- Task instructions:
Please output every record below exactly as written, leaving out any pictures.

START Given data

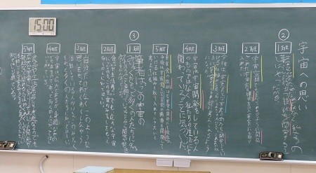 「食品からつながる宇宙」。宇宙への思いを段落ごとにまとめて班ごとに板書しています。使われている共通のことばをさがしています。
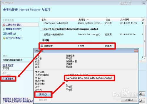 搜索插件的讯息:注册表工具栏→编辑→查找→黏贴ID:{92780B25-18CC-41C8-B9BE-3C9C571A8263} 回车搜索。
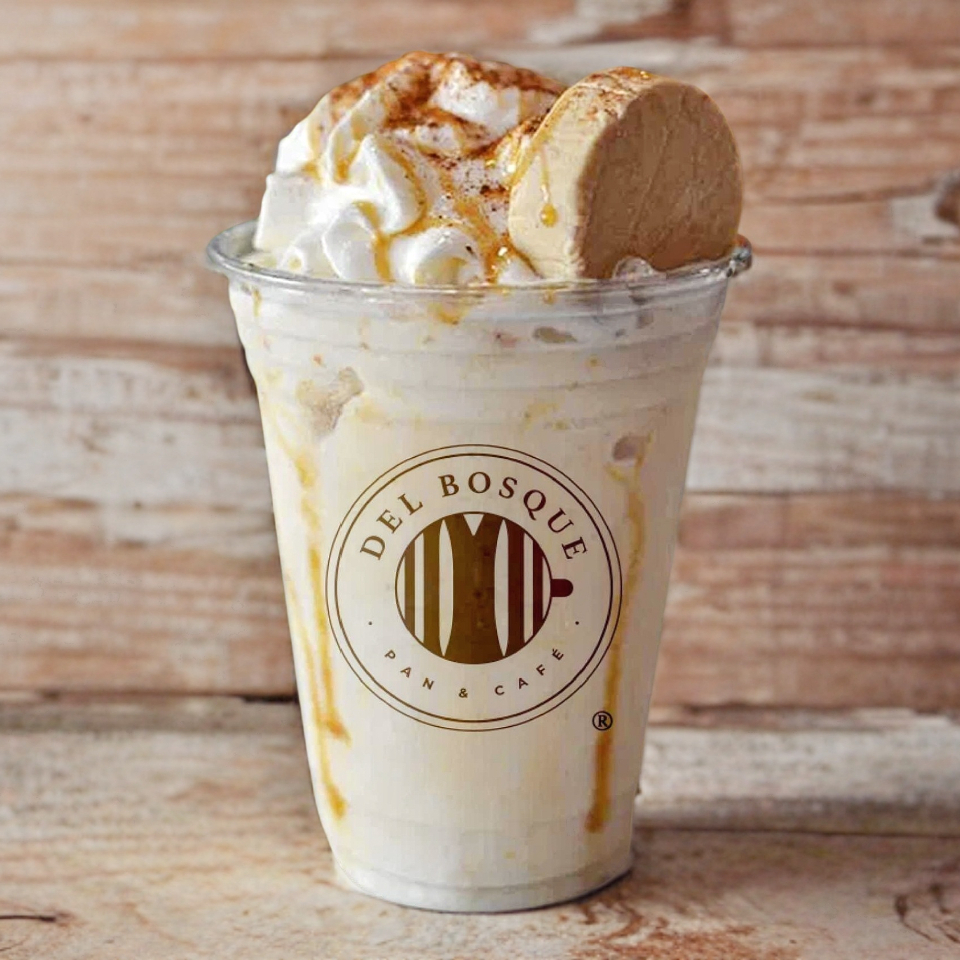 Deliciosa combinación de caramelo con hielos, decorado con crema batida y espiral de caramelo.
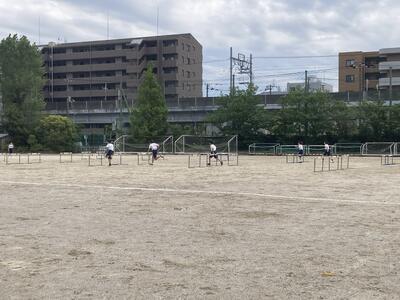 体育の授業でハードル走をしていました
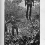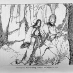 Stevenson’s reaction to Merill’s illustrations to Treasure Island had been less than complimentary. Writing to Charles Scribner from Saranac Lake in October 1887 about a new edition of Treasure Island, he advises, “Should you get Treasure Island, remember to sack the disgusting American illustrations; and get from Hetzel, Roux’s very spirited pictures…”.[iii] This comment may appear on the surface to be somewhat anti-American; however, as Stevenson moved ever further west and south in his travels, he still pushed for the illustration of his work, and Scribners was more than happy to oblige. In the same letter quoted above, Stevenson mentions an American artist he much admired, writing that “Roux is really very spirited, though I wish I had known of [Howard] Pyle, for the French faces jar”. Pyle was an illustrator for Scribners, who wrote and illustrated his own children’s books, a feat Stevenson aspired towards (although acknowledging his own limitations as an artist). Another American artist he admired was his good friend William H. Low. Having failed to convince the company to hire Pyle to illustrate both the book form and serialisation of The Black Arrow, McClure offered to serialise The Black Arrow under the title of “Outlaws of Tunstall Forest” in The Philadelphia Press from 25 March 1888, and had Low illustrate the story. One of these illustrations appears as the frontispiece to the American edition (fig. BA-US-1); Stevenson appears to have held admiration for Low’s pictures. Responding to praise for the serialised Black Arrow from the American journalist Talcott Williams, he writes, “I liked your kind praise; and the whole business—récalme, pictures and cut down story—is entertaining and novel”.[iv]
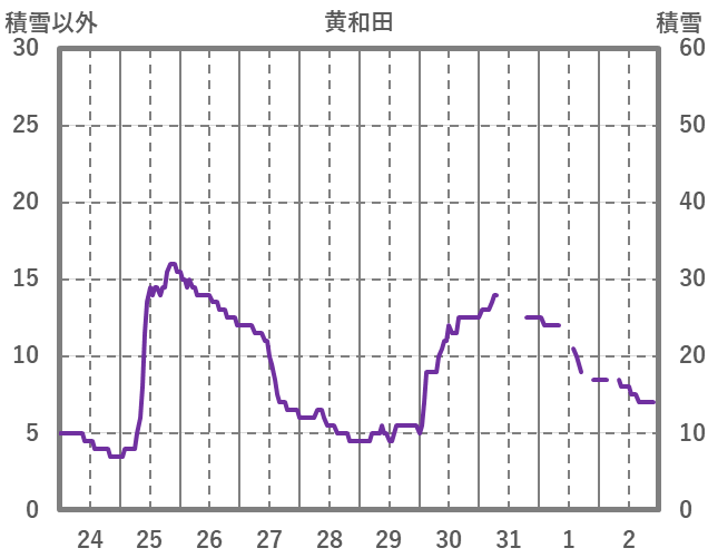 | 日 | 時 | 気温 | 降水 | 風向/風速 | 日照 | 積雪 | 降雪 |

END Given data

- Exercise result:
 「食品からつながる宇宙」。宇宙への思いを段落ごとにまとめて班ごとに板書しています。使われている共通のことばをさがしています。
 搜索插件的讯息:注册表工具栏→编辑→查找→黏贴ID:{92780B25-18CC-41C8-B9BE-3C9C571A8263} 回车搜索。
 Deliciosa combinación de caramelo con hielos, decorado con crema batida y espiral de caramelo.
 体育の授業でハードル走をしていました
 Stevenson’s reaction to Merill’s illustrations to Treasure Island had been less than complimentary. Writing to Charles Scribner from Saranac Lake in October 1887 about a new edition of Treasure Island, he advises, “Should you get Treasure Island, remember to sack the disgusting American illustrations; and get from Hetzel, Roux’s very spirited pictures…”.[iii] This comment may appear on the surface to be somewhat anti-American; however, as Stevenson moved ever further west and south in his travels, he still pushed for the illustration of his work, and Scribners was more than happy to oblige. In the same letter quoted above, Stevenson mentions an American artist he much admired, writing that “Roux is really very spirited, though I wish I had known of [Howard] Pyle, for the French faces jar”. Pyle was an illustrator for Scribners, who wrote and illustrated his own children’s books, a feat Stevenson aspired towards (although acknowledging his own limitations as an artist). Another American artist he admired was his good friend William H. Low. Having failed to convince the company to hire Pyle to illustrate both the book form and serialisation of The Black Arrow, McClure offered to serialise The Black Arrow under the title of “Outlaws of Tunstall Forest” in The Philadelphia Press from 25 March 1888, and had Low illustrate the story. One of these illustrations appears as the frontispiece to the American edition (fig. BA-US-1); Stevenson appears to have held admiration for Low’s pictures. Responding to praise for the serialised Black Arrow from the American journalist Talcott Williams, he writes, “I liked your kind praise; and the whole business—récalme, pictures and cut down story—is entertaining and novel”.[iv]
 | 日 | 時 | 気温 | 降水 | 風向/風速 | 日照 | 積雪 | 降雪 |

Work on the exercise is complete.